Гидролиз ДНК по AP-сайту AP-эндонуклеазами приводит к появлению еще одного промежуточного продукта ЭРО - одноцепочечного разрыва с 3'- концевой OH-группой, служащей субстратом для ДНК-полимераз , и 5'- концевым остатком 2'-дезоксирибозо-5'-фосфата ( dRP ). Для завершения репарации необходим репаративный синтез ДНК (заполнение бреши) и последующее лигирование разрыва ( рис. 2 ). На этой стадии происходит еще одно разделение процесса ЭРО на пути с участием разных ферментов, называемые " короткозаплаточной ЭРО " и " длиннозаплаточной" ЭРО . В первом из этих случаев ДНК-полимераза ( ДНК-полимераза-b в клетках высших эукариот) включает один dNMP на место поврежденного звена. Остаток dRP удаляется из ДНК с участием 5'-3'-экзонуклеаз или 2'-дезоксирибозо-5'-фосфатлиаз (dRP-лиаз) , которые выщепляют dRP по гидролитическому или лиазному механизму соответственно ( рис. 2 ); в клетках высших эукариот функцию удаления dRP выполняет в основном dRP-лиазная активность ДНК-полимеразы-b . Затем осуществляется лигирование, которое в клетках высших эукариот катализирует ДНК-лигаза III в комплексе с вспомогательным белком XRCC1 .
При длиннозаплаточной ЭРО после включения первого dNMP репаративный синтез продолжается с заменой 2-20нт и вытеснением или деградацией впереди лежащей цепи ДНК; в клетках высших эукариот этот синтез ведется ДНК-полимеразой-d или ДНК-полимеразой-b с привлечением вспомогательных факторов ( PCNA , RFC , RPA ). Вытесненный участок ДНК удаляется флэп-эндонуклеазой FEN1 (в случае высших эукариот), и одноцепочечный разрыв лигируется (у высших эукариот - ДНК-лигазой I ; рис. 2 ) [ Fortini, ea 2007 ].

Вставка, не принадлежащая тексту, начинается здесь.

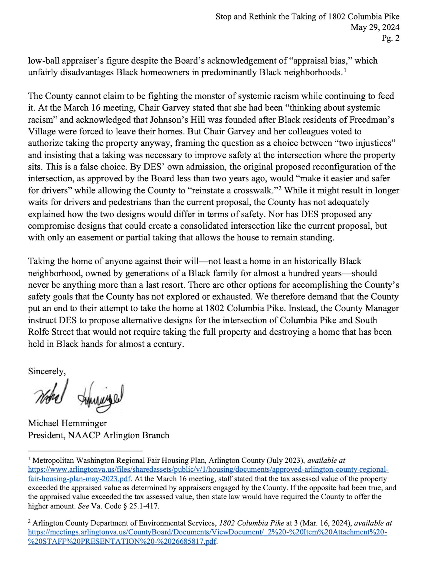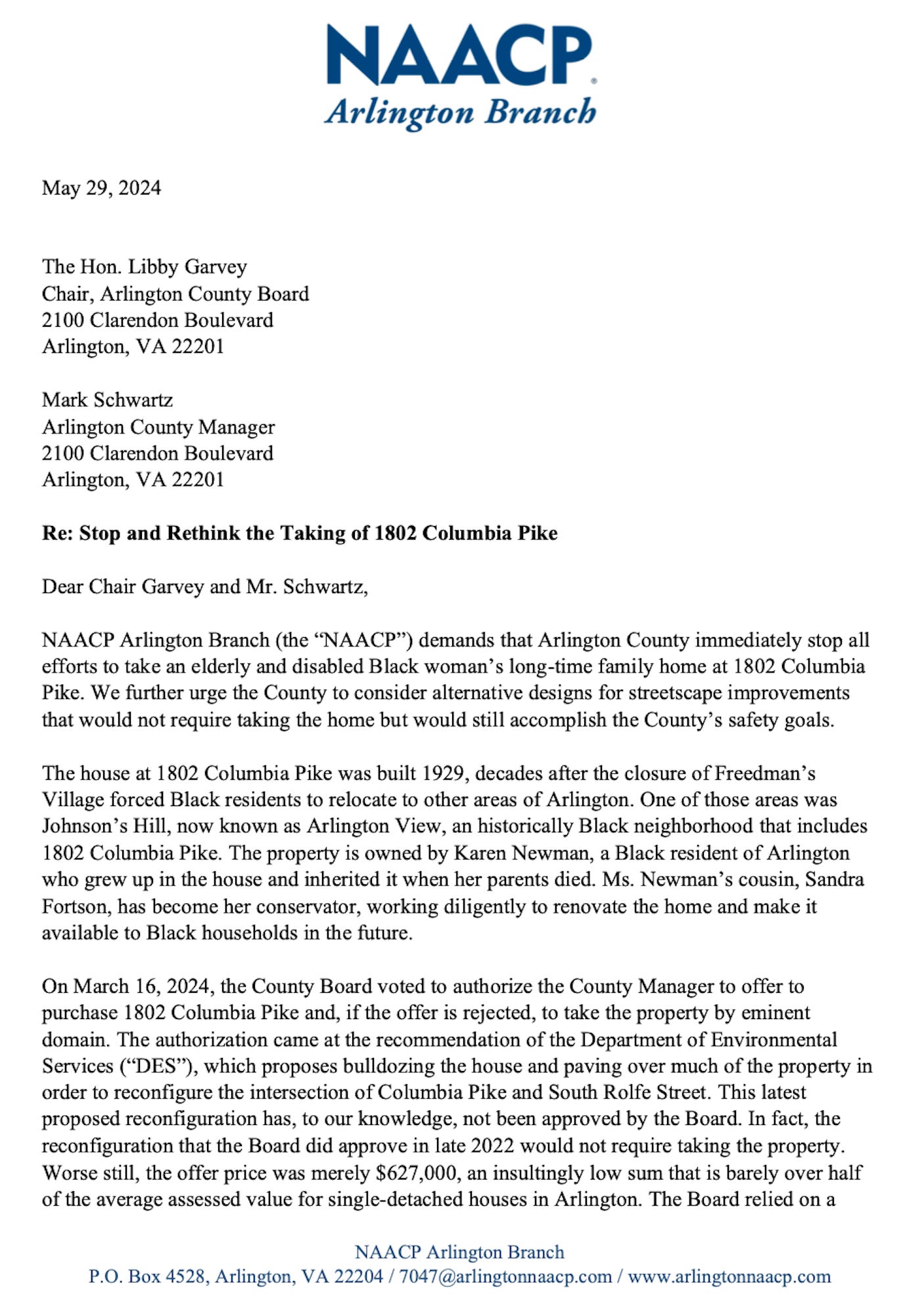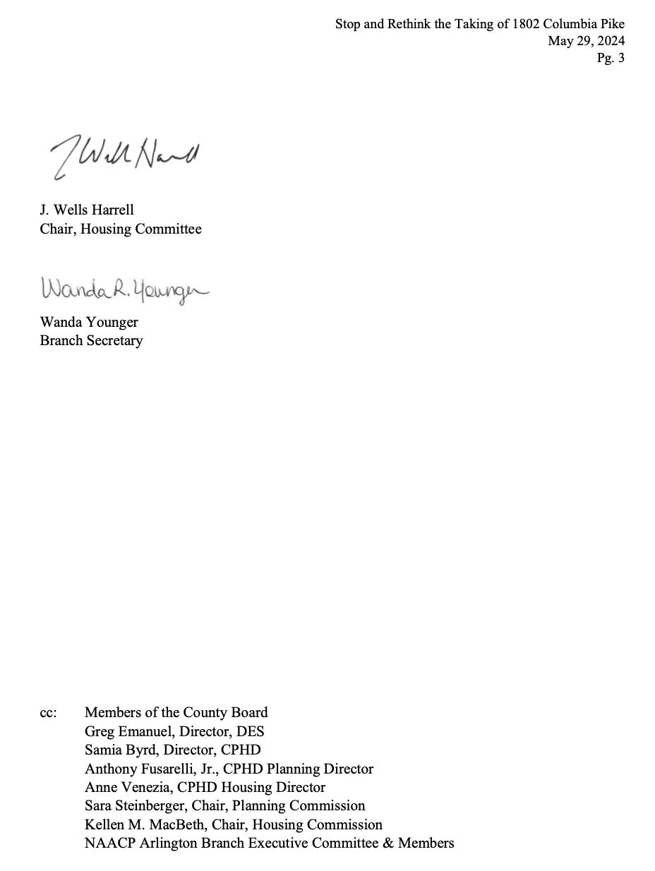 In a May 29, 2024 letter, Arlington NAACP President Michael Hemminger wrote that, “NAACP Arlington Branch demands that Arlington County immediately stop all efforts to take an elderly and disabled Black woman’s long-time family home at 1802 Columbia Pike. We further urge the County to consider alternative designs for streetscape improvements that would not require taking the home but would still accomplish the County’s safety goals.”

Недавно открыты ветви ЭРО, независимые от ДНК-гликозилаз ( инцизионная репарация ) или AP-эндонуклеаз ( рис. 2 ), однако непонятно, насколько важны эти процессы для репарации in vivo.
В данном общем изложении процесса ЭРО отсутствует большое число деталей, которые обеспечивают исключительную надежность и гибкую регуляцию этого процесса. Тем не менее, даже из этого схематического описания понятно, что центральное место в ЭРО в большинстве случаев занимают ДНК-гликозилазы, которые находят в ДНК поврежденное звено и инициируют весь процесс репарации. Таким образом, эти ферменты имеют исключительное значение для поддержания целостности геномной ДНК ; важность этой роли подчеркивается тем, что ДНК-гликозилазы встречаются во всех царствах живой природы, а также в некоторых вирусах [ Eisen, ea 1999 ].